The list begins with an Alpha story from the Modesto Bee of California--the hot issue of evolution--and ends with an Omega story from The Record of Stockton, CA--the end of the world, which a religious group believes to have began.  The others have no religious undertone at all; they're more, shall we say, about affections and afflictions of mortals that walk on this earth between the crib and the grave.
For this selection, we excluded one on the silent invasion of American households by bedbug armies. We put in another about the stink bugs that are making citizens of West Chester, Pennsylvania pinch their noses because of their awful smell. They're all crawling on page one of the Daily Local News, which qualifies that these are edible in Laos though.

The Tribune of Greeley, Colorado gave us a visual treat of cats, which immediately reminded us of Cats the musical, but these are incidental to the story.  This is about people who have this certain affliction: hoarding these felines.

The Orange County Register of Santa Ana, California was on its 3rd installment about foreign-born immigrants in the USA, specifically those who have settled in this state.  "Who wins?

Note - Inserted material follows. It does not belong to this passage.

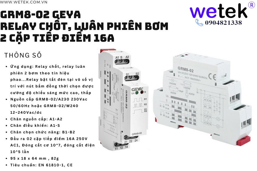 Geya GRM8-02 Relay chốt latching relay, luân phiên theo xung, rẻ nhất, thay thế hoàn toàn G4Q
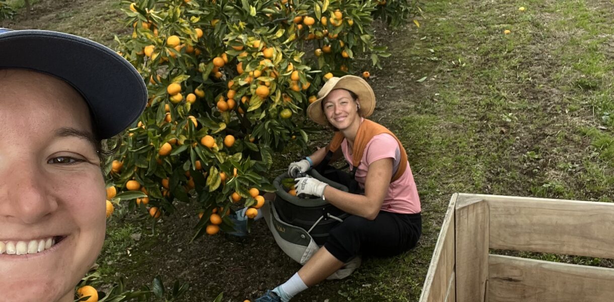 Tahle paní byla velmi vybíravá. Mohli jsme sbírat jen mandarinky, které měly obvod větší než 55 milimetrů. Dělali jsme vážně co jsme mohli, natahovali se úplně všude, obraceli každou mandarinku a měřili jak je velká. Paní za námi stejně vždycky aspoň tři zapomenuté mandarinky, pro které jsme se museli vracet, našla. Po třech dnech precizní práce jsme to ale pochopili. Vždyť ona za každou mandarinkou vidí dolar, který za ni dostane. Čím víc mandarinek necháme na stromech, tím víc peněz jí tam zůstane viset. A tak je jasný, že po nás chce, abychom je posbírali vážně všechny.

Who loses?," it asks about the presence of 6 million immigrants  on California soil.

Race in the theater circuit was an issue played up by The Gazette of Colorado Springs.  This "drama of race" does not in anyway recall MLK's "I have a dream".  Our first glance told us it's just that there are not so many minorities available for theatrical work.

It took quite a long time before texting or SMS became addictive to Americans (the Pinoy were way ahead in this communications system, and in fact have developed quite a vocabulary for this medium).  We are not too sure if "sexting" is in the Pinoy lingo, but we are certain this word may eventually be in the Oxford dictionary.

It's the "sexting all the time" among adolescents in Anniston, Alabama that the Anniston Star is worried about.   These kids circulate among their friends pictures of themselves in dishabille, partly or fully.  

Which leads us to the next item featured in The Lewiston Tribune of Idaho:  men past their golden jubilee year building their muscles and showing them off in competition.  We don't think they do 'sexting' to display their bodies.

Men & women soldiers who go to fight a war would come home troubled even if they did not get wounded at all.  The trauma or "hidden wounds" are the subject of a 5-part story in The Fayetteville Observer of North Carolina.  The paper says suffering soldiers are demanding mental health services.

The last item we have is historical from The Las Vegas Review-Journal.  From this we gather that Las Vegas would not have been born and grew to be this glittering city on the desert if it were not for Hoover Dam, which was constructed 75 years ago.